__Source material__:
——————————
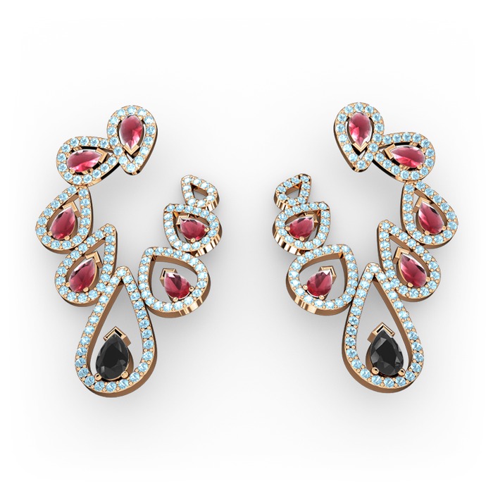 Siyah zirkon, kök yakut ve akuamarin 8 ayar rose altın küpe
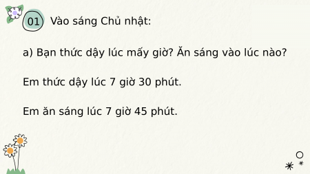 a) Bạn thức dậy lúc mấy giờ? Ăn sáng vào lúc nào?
——————————
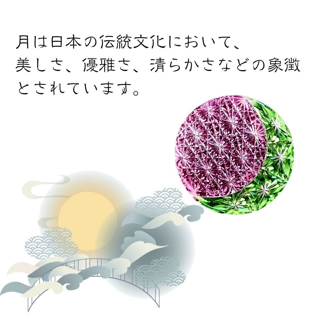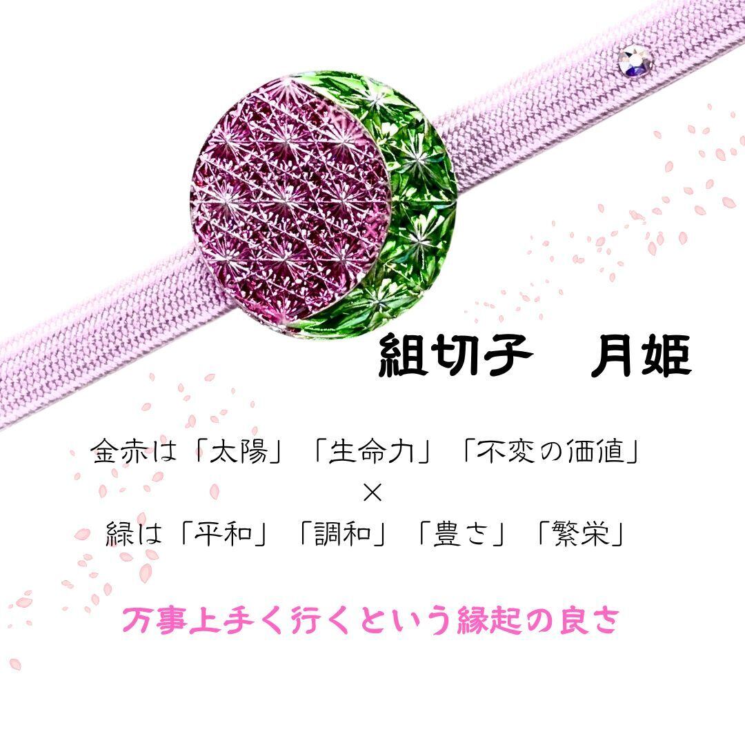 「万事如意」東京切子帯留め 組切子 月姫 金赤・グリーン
——————————
__Exercise objective__: Set down exactly the lines above, from the line containing "Siyah zirkon, kök" through the line containing "a) Bạn thức". Skip the pictures.

__Task response__:
 Siyah zirkon, kök yakut ve akuamarin 8 ayar rose altın küpe
 a) Bạn thức dậy lúc mấy giờ? Ăn sáng vào lúc nào?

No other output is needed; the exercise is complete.